▶ [EXERCISE]: Output all of the data exactly as it appears, but leave out any pictures it contains.

*** Opening DATASET SECTION ***

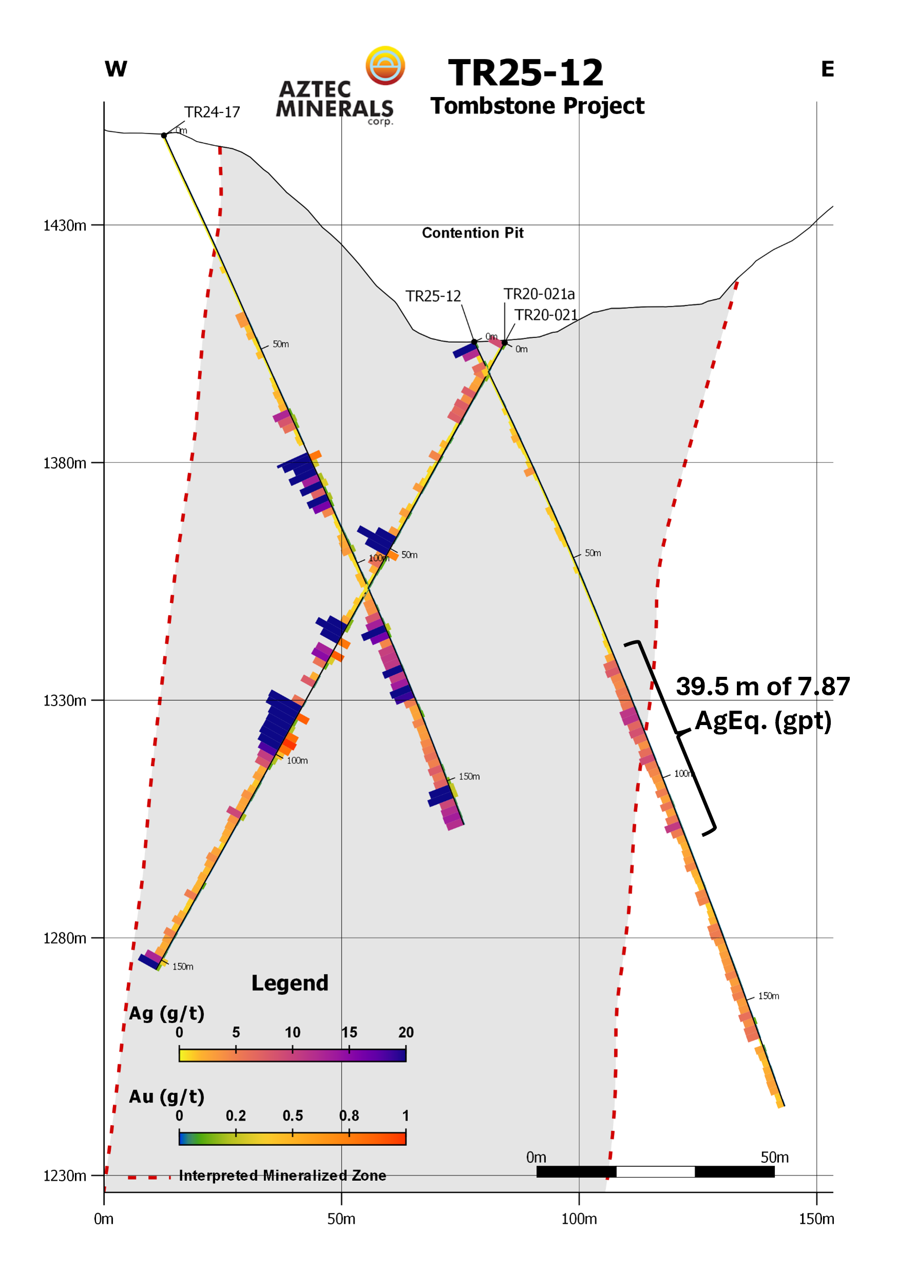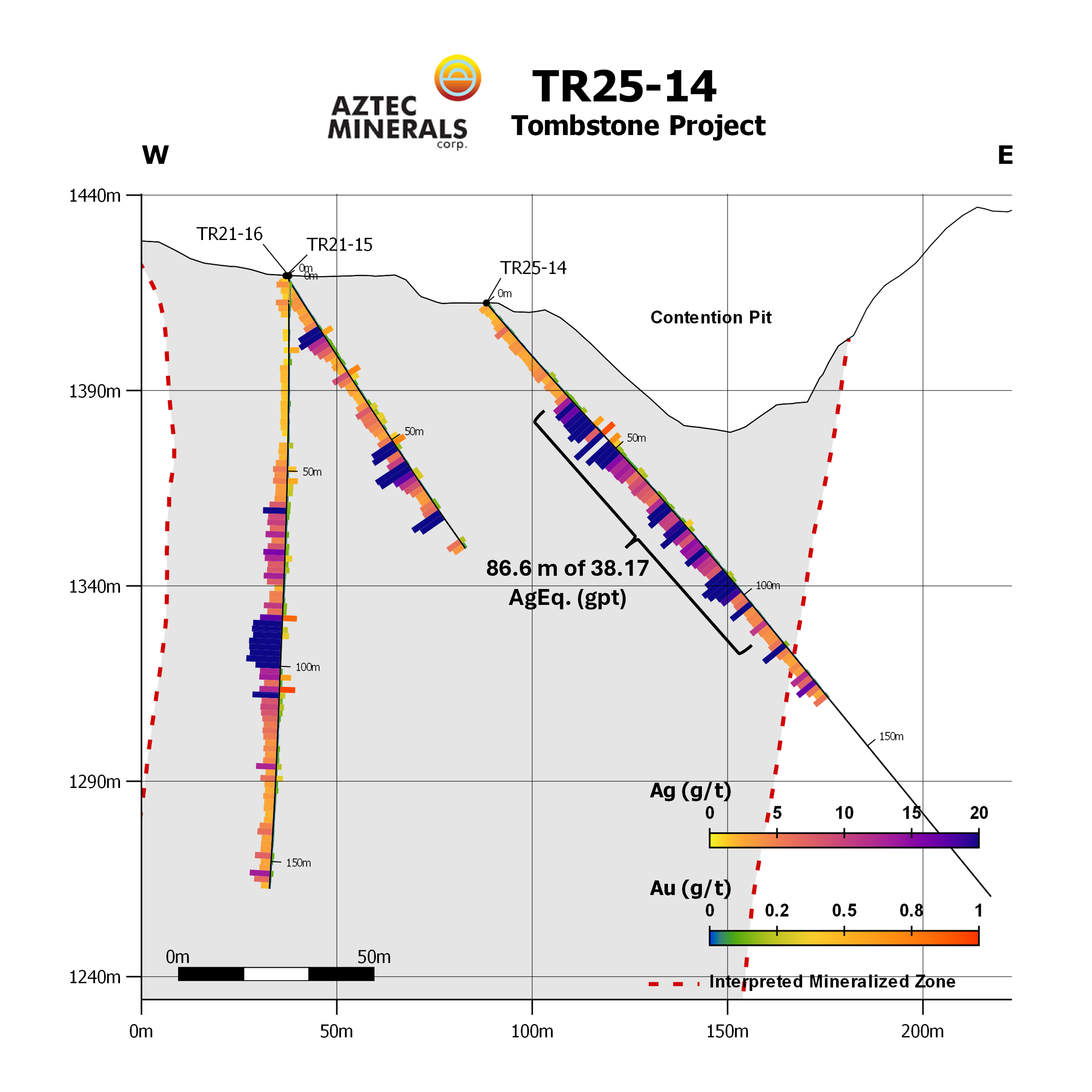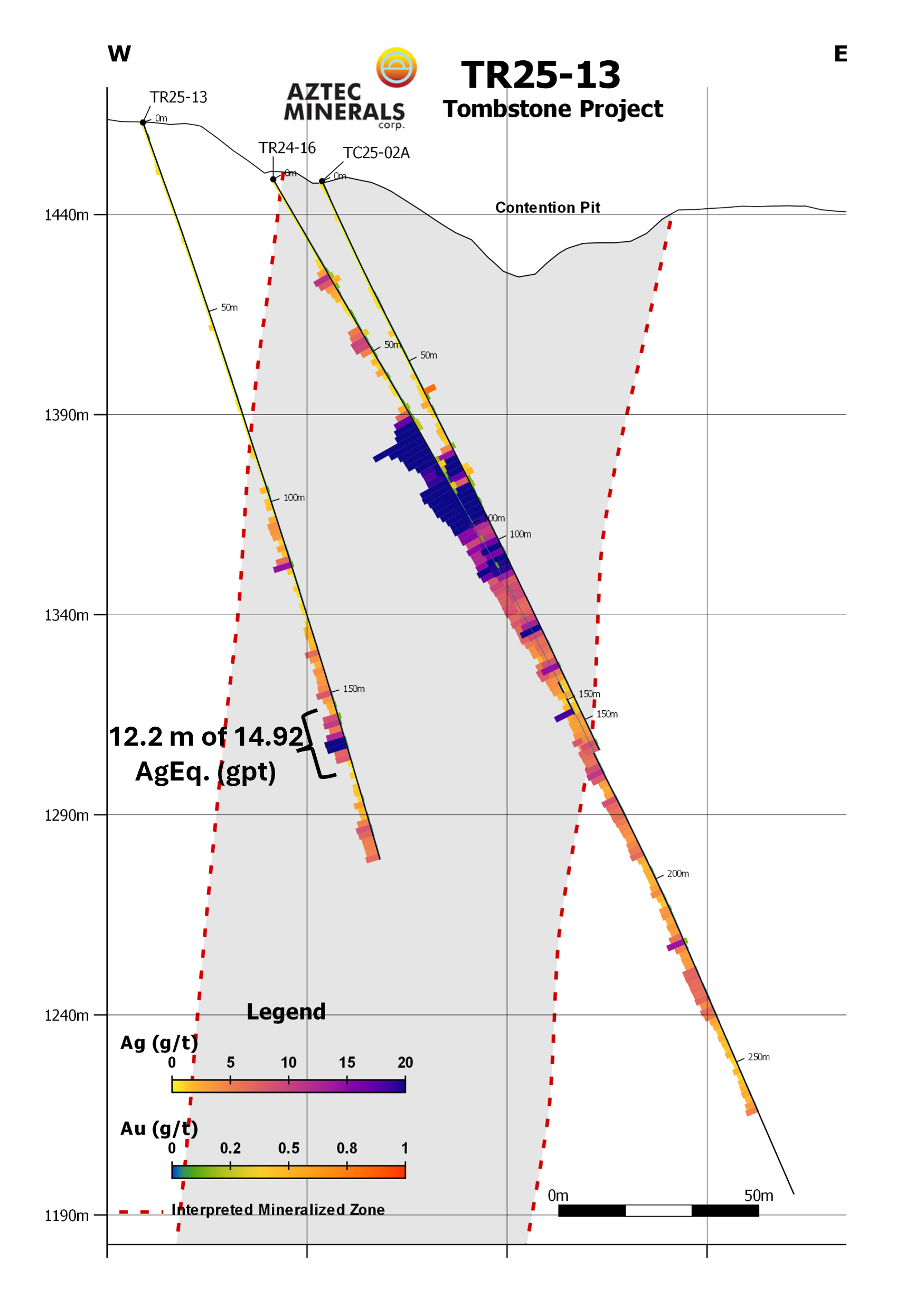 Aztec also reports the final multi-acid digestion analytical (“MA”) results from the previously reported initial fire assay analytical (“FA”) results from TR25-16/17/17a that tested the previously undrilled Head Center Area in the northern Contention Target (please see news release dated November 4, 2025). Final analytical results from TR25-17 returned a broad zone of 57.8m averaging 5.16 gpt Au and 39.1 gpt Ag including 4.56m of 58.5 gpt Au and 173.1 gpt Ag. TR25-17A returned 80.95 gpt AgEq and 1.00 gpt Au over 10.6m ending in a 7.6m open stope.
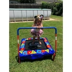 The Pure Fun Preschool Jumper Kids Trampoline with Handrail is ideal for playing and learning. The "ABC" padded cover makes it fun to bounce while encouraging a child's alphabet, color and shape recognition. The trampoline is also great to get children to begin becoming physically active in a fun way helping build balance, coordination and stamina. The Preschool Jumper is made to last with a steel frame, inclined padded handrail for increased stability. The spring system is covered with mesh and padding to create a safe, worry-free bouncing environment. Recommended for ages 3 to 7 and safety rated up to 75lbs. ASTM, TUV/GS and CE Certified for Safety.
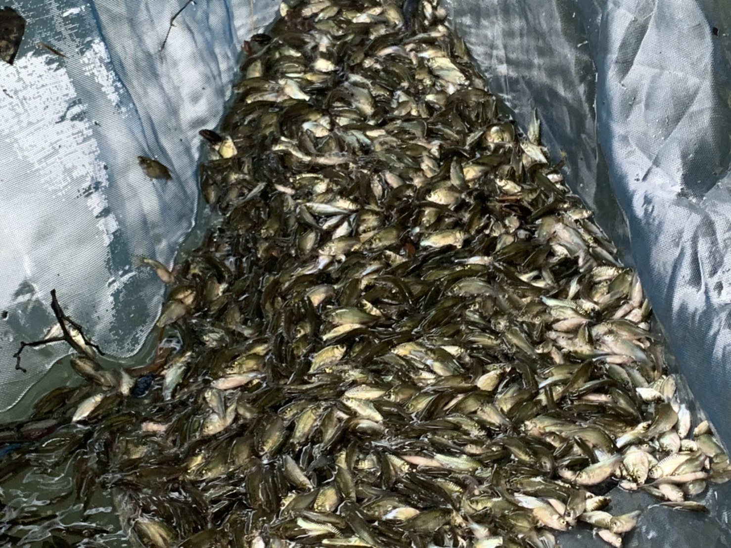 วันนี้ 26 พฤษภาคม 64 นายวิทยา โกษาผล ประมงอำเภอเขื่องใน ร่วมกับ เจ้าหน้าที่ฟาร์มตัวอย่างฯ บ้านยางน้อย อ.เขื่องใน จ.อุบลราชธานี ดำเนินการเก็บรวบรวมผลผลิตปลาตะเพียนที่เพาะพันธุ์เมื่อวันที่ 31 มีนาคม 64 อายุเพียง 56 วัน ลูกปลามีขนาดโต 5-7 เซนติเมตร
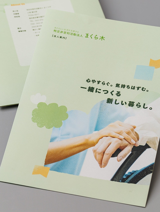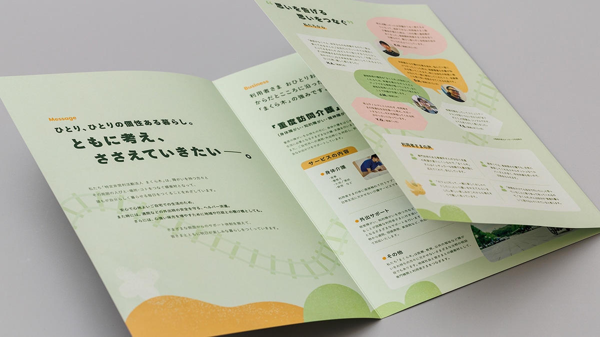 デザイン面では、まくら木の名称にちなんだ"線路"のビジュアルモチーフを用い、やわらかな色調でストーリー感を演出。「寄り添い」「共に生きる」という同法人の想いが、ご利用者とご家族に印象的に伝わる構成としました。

*** Closing DATASET SECTION ***

▶ [ANSWER SECTION]:
 Aztec also reports the final multi-acid digestion analytical (“MA”) results from the previously reported initial fire assay analytical (“FA”) results from TR25-16/17/17a that tested the previously undrilled Head Center Area in the northern Contention Target (please see news release dated November 4, 2025). Final analytical results from TR25-17 returned a broad zone of 57.8m averaging 5.16 gpt Au and 39.1 gpt Ag including 4.56m of 58.5 gpt Au and 173.1 gpt Ag. TR25-17A returned 80.95 gpt AgEq and 1.00 gpt Au over 10.6m ending in a 7.6m open stope.
 The Pure Fun Preschool Jumper Kids Trampoline with Handrail is ideal for playing and learning. The "ABC" padded cover makes it fun to bounce while encouraging a child's alphabet, color and shape recognition. The trampoline is also great to get children to begin becoming physically active in a fun way helping build balance, coordination and stamina. The Preschool Jumper is made to last with a steel frame, inclined padded handrail for increased stability. The spring system is covered with mesh and padding to create a safe, worry-free bouncing environment. Recommended for ages 3 to 7 and safety rated up to 75lbs. ASTM, TUV/GS and CE Certified for Safety.
 วันนี้ 26 พฤษภาคม 64 นายวิทยา โกษาผล ประมงอำเภอเขื่องใน ร่วมกับ เจ้าหน้าที่ฟาร์มตัวอย่างฯ บ้านยางน้อย อ.เขื่องใน จ.อุบลราชธานี ดำเนินการเก็บรวบรวมผลผลิตปลาตะเพียนที่เพาะพันธุ์เมื่อวันที่ 31 มีนาคม 64 อายุเพียง 56 วัน ลูกปลามีขนาดโต 5-7 เซนติเมตร
 デザイン面では、まくら木の名称にちなんだ"線路"のビジュアルモチーフを用い、やわらかな色調でストーリー感を演出。「寄り添い」「共に生きる」という同法人の想いが、ご利用者とご家族に印象的に伝わる構成としました。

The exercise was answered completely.